Fourier transform infrared (FTIR) spectroscopy with smart accessory has advantages of non-destruction, high speed, high sensitivity, and simple operation. Combined with multivariate calibration analysis, the FTIR method has been successfully used in many areas, in particular for food analyses.20–28 The objective of this study was to develop a reliable FTIR method for quantifying the six major kavalactones to estimate kava chemotypes. The first step was intended to develop a calibration model of a partial least square (PLS) regression based on 50 standard mixtures of the six kavalactones, integrated with different derivative transformations (1st and 2nd). The model predictability was then validated with 10 mixtures of the six kavalactones that were unused for model development. Finally, the model was validated in comparison with a GC method.

Experimental

Kava sample extracts and preparation of standard mixtures of kavalactones

Root and rhizome samples of two cultivars were obtained from Waimanalo farm in Hawaii. The kavalactones DMY, DHK, Y, K, DHM, and M were purchased from Sigma-Aldrich Corp. (St. Louis, MO, USA). All kava samples were lyophilized and well ground.

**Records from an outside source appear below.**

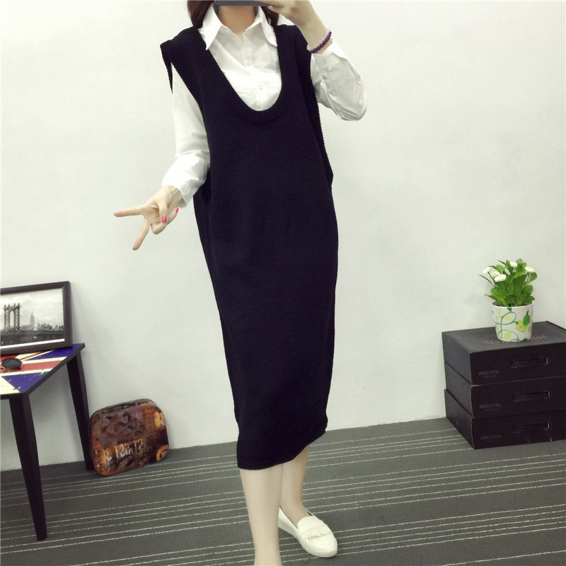 東大門秋冬韓版寬松大碼無袖馬甲背心長裙超長款純色毛線連衣裙 /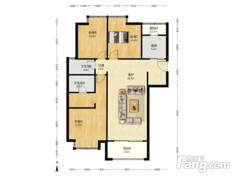 万科金域缇香 3室2厅 131.73平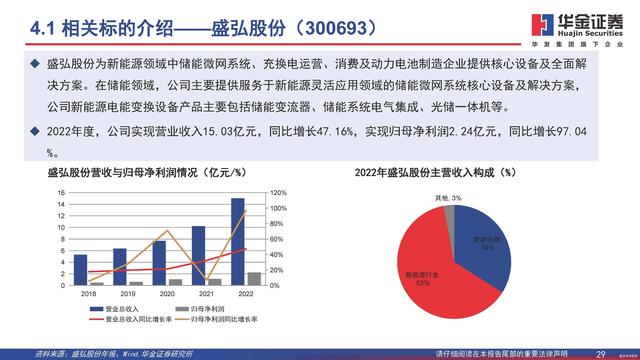 盛弘股份為新能源領(lǐng)域中儲能微網(wǎng)系統(tǒng)、充換電運營、消費及動力電池制造企業(yè)提供核心設(shè)備及全面解決方案。在儲能領(lǐng)域,公司主要提供服務(wù)于新能源靈活應(yīng)用領(lǐng)域的儲能微網(wǎng)系統(tǒng)核心設(shè)備及解決方案,公司新能源電能變換設(shè)備產(chǎn)品主要包括儲能變流器、儲能系統(tǒng)電氣集成、光儲一體機等。 2022年度,公司實現(xiàn)營業(yè)收入15.03億元,同比增長47.16%,實現(xiàn)歸母凈利潤2.24億元,同比增長97.04%。

Each sample (0.1 g) was extracted with 10 ml of hexane, acetone, methanol, ethyl acetate, ethanol, or dimethylsulfoxide (DMSO) and sonicated for 30 min. After filtration, the solvent was replaced with DMSO under a gentle stream of high purity nitrogen gas followed by FTIR analyses. It is known that different organic solvents have various degrees of extraction efficiencies for different kavalactones.29 Kava extracts produced by using the six different extracting solvents would contain varying profiles of kavalactones, which would be equivalents to different kava samples and, thus, overcome the limitation of the few kava samples for the FTIR method validation. A total of 24 kava sample extracts were produced for this study (root and rhizome samples from these two very different cultivars with 6 extracting solvents). The kava extracts from using various solvents were expected to challenge and confirm most of potential optical interferences to occur during the FTIR measurement.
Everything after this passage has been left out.